And if we do get access to cheap clean energy, we will only destroy
the environment faster…
The academic Steb Fisher points out, ‘the current trajectory of biodiversity loss and ecosystem
collapse is being driven by cutting down forests, over-fishing, chemical
pollution, soil degradation and erosion, habitat destruction, desertification
and so on. These activities are all a function of the vast amount of energy we
have at our disposal. We have too much and, as we use it, we damage ecosystems.
Fisher estimates that, regardless of climate change, affluent countries such as
Australia must reduce energy and material consumption to 6 per cent of current
levels in order to end the current holocaust of species extinction and for
humanity to have a good chance of long-term survival. (Fisher, 2013).
5.
And now the other big global problems….
Apart from energy and ecological problems global capitalist-consumer
society deprives most of the world’s people of a fair share of world resources,
generates armed conflict, and is leading to deteriorating social cohesion and
quality of life, even in rich countries…
6.
But this is NOT an argument against transition to 100% renewables!!
We must move to full dependence on 100% renewables as soon as
possible. But it is an argument that we cannot run an energy-intensive
affluent society on them, let alone one that insists on limitless economic growth….
What then to do?
The magnitude of the over-consumption problem calls for a radical
alternative to consumer-capitalist society, well described as the “The
Simpler Way” (Trainer, 2009). This would involve people organizing frugal
but sufficient material lifestyles within mostly local economies made up of
small farms and firms, using local resources and labor to meet local needs.
There would be no economic growth, and the GDP would be a small fraction of its
present level.
The Simpler Way would be defined by:
· Simpler lifestyles, much less production and consumption, much less
concern with luxury, affluence, possessions and wealth.
· Small, highly self-sufficient local economies, largely independent of the global economy.
· More cooperative and participatory ways, enabling people in small communities to take
control of their own development.
· A new economy, one not driven by profit or market forces,
and a zero-growth or steady-state overall economy, which produces
much less than the present economy.
· Some very different values, especially cooperation not competition,
community not individualism, and frugality and self-sufficiency not
acquisitiveness and consuming (Trainer, 2009).
The Simpler Way is about ensuring a very high
quality of life for all without anywhere near as much production, consumption,
exporting, investment, resource use, environmental damage, work etc. as there
is now.
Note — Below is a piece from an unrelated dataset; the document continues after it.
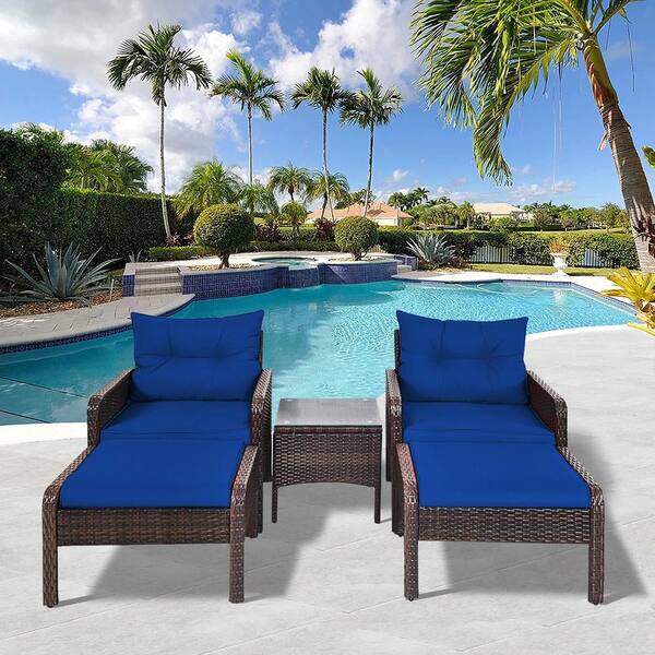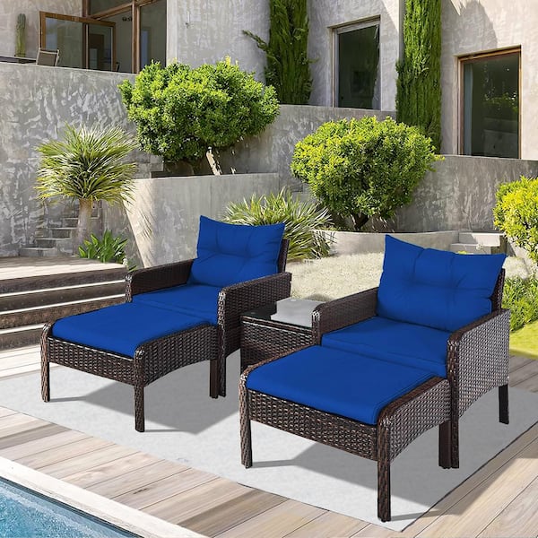 5-Piece Wicker PE Rattan Patio Conversation Set Sofa Ottoman with Removable Navy Cushions
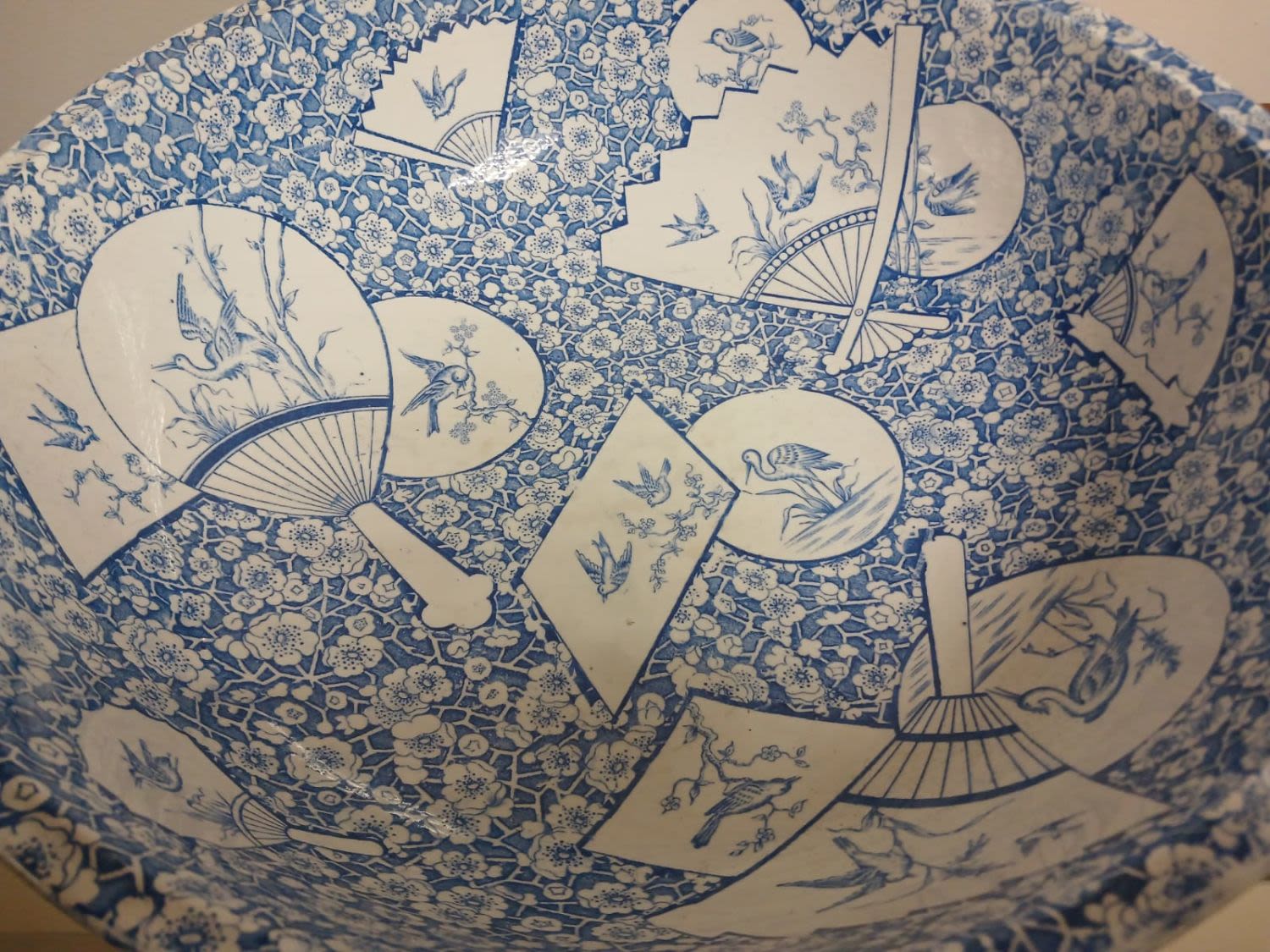 This exquisite set showcases captivating blue and white hues depicting typical Japanese iconographic imagery such as fans, swallows and cranes . Crafted with meticulous attention to detail, the pitcher and basin elegantly complement each other, creating a stunning visual appeal. The set is in good condition, with anticipated crazing that adds to its vintage charm. Perfect for adding a touch of sophistication to any table, this bowl and pitcher set is a timeless addition to your collection.

There are many rich alternative sources of satisfaction other
than material acquisition and consuming. Consider having much time for
arts and crafts and personal growth, living in a rich and supportive community,
having to go to work for money only two days a week, living in a diverse
and productive leisure-rich landscape, having socially worthwhile and enjoyable
work with no fear of unemployment...and knowing you are not contributing to
global problems. There
is no need to sacrifice modern technology to achieve these benefits.
Peaking resources and environmental crises mean that our current way of
life is not sustainable. Therefore it will not continue. People around the
world are also facing a decline in their living standards purely for economic
reasons. As a response to these issues, there are people working to build the
beginnings of a simpler way in their communities all over the world. The hope
is that these groups will be sufficiently well established to provide a base
for reconstruction as existing systems begin (or continue) to fail. There
are small but thriving “Transition Towns,” movement as well as movements known as Voluntary Simplicity, Permaculture, Slow Food. There is also Doing It Ourselves, a Melbourne Based organization, which
is trying to raise awareness about these issues. By far the best thing YOU can
do to help defuse global problems is to join these movements. At this stage,
most of these are only implementing reforms within consumer-capitalist society,
but they provide the best hope for developing communities that will eventually
take control of their own fate and build highly self-sufficient local
economies.
Conclusion:
Renewable energy is often touted as the solution to climate change in
large part since compared to massively reducing energy use, it is seen to be
something that would allow our industrial economy to continue, and therefore to
be more politically palatable. The issue is that beyond a rapid transition to
100% renewables not seeming likely or feasible, it wouldn't actually solve the
environmental problem (let alone equality problems). It's therefore
irresponsible for environmentalists to promote it, by itself, as a solution to
climate change and other environmental problems. Sure 100% renewables is part of
the picture, but this demand must be put in the context of a broader struggle
for radical cultural, political and economic change towards a Simpler Way.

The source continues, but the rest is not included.